Thanks to the generosity of sponsors and donors, the cost is only $150 per student, including the $50 registration fee, and that is refundable if the student attends the summit. The fee includes room and board, food and all activities.
Participants will be housed in Abernathy Village, a complex of five residence halls on the Catawba College campus which are LEED (Leadership in Energy and Environmental Design) certified. The majority of the summit will take place on Catawba’s 190-acre ecological preserve and in the labs and classrooms of the Center for the Environment’s green facility.
Moore, a senior environmental education major at Catawba, was part of a recruitment team of students and former students that visited 140 high schools in 21 counties promoting the summit. In addition, she said they called 94 schools in their recruitment effort.
After completing her junior year at Catawba, Moore, who is from Mocksville, started working at the center full time to help with the summit. She was involved in hiring 11 counselors for the event, including current and former Catawba students.

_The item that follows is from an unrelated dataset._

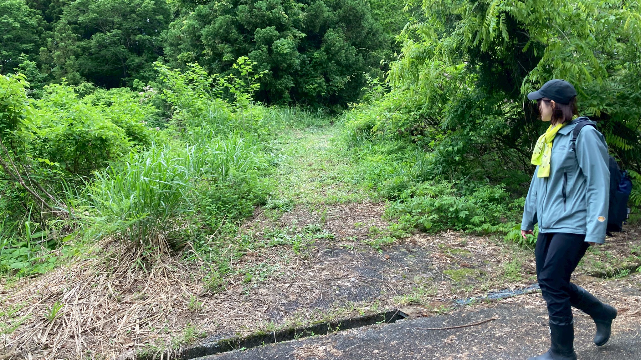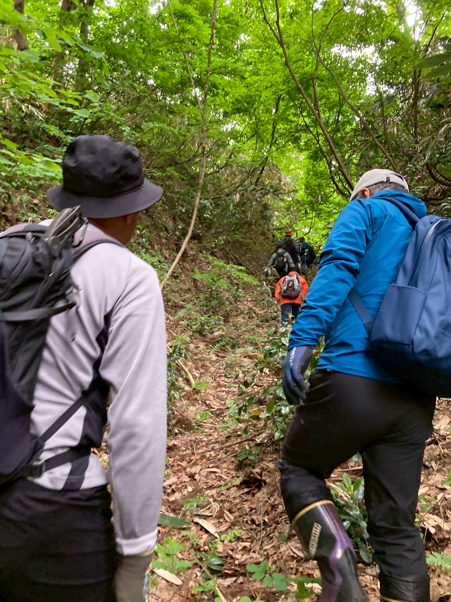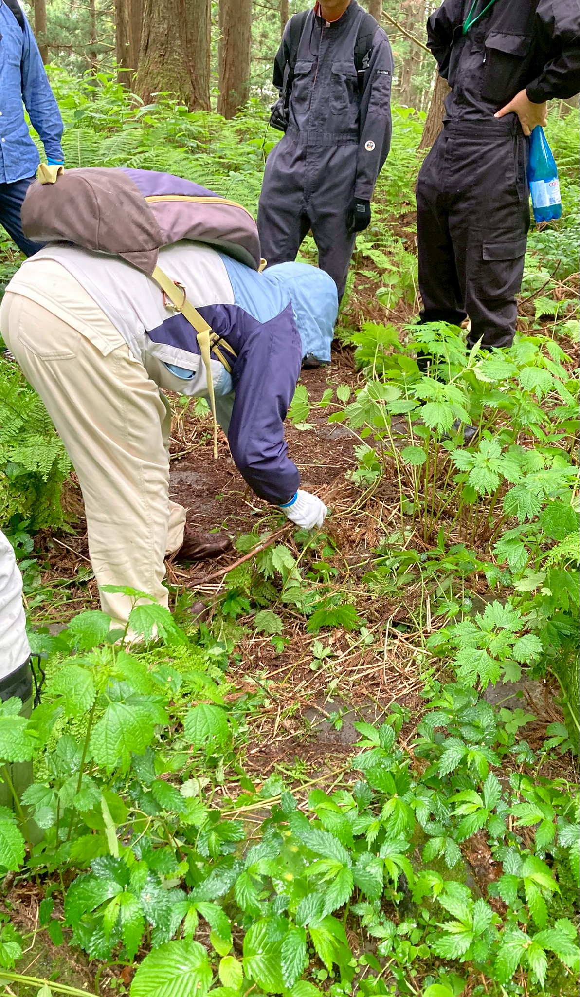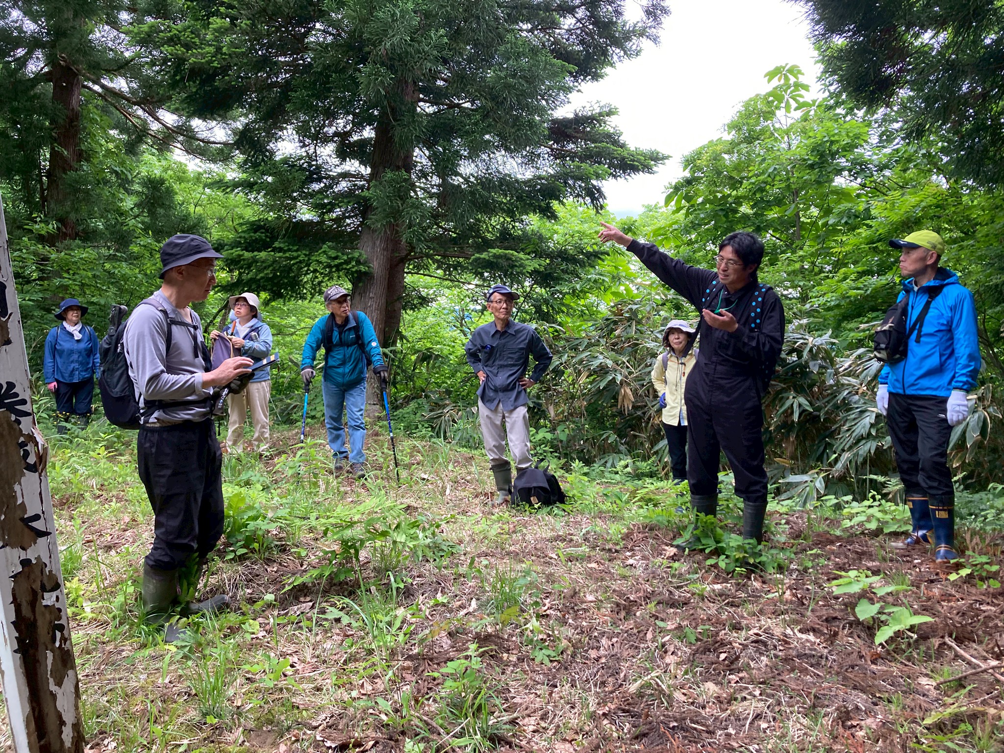 【高場山の役割】 御館の乱では周りが敵だらけになったので全方向に守りを固める必要がありました。そのため、遠くを見渡せるこの高場山はとても重要だったそうです。唯一、岩沢の方は山があって津南側が死角になるので、その山には函山城という城を築き、信頼できる田中氏の家来に見張らせていました。そうすることで周りの動きを把握できたそうです。 当時は弥彦山からこの山までは移動に五日ほどかかったので、弥彦山で何か動きが見えたらその間に準備ができました。 【高場山からの景色】 内ヶ巻城の搦手から車に戻り、また道を進んでいきました。やがて木に囲まれていた山道から一変、開けて見晴らしの良い場所に辿り着きました。目の前の斜面下の方にはクサソテツやクズなどの植物が生い茂っていて、木は生えていなかったので、遮るものもなく遠くまで見渡せて気持ちの良い場所でした。 見張り台はもう少し上にあるそうですが、そこまでいくと新潟平野のほぼ全てを見通すことができ、条件が良ければ朱鷺メッセも見えるそうです。 景色を見ながら、みんなであれは薭生城であれがあそこが川口で〜と指を刺しながら確認し合いました。山本山はこの山が陰になるので見えないとのことでした。 ポツリポツリと雨が降り始めていました。ここで記念撮影。なんと、講座が始まってから初めての記念撮影でした。

As part of the summit, 15 Catawba College faculty members representing a variety of disciplines and scientists from Rocky Mountain Institute will be offering small group sessions for participants.
Center for the Environment staff has been working for months on the summit. “My biggest role is going to be getting the counselors trained and organizing the students in a manner that’s going to make it easier to move throughout the campus,” Moore said. For example, she is working on participant notebooks, which will include a map of the campus, a schedule of programs and events and other useful information.
In addition to the educational elements, Moore said the summit will feature such fun activities as an observatory night, a band, night hikes in the preserve, an on-campus water park night, movies on the lawn and a barbecue. From the time they arrive on the Catawba College campus until they leave, participants will have plenty of chances to learn, create, share, interact, grow, connect and build relationships.
As for her future, Moore said helping with the summit has broadened her own career plans from focusing on field work in the environment to considering working for nonprofit environmental groups. After graduation next spring, she plans on applying to graduate school to earn a master’s degree in international environmental policy.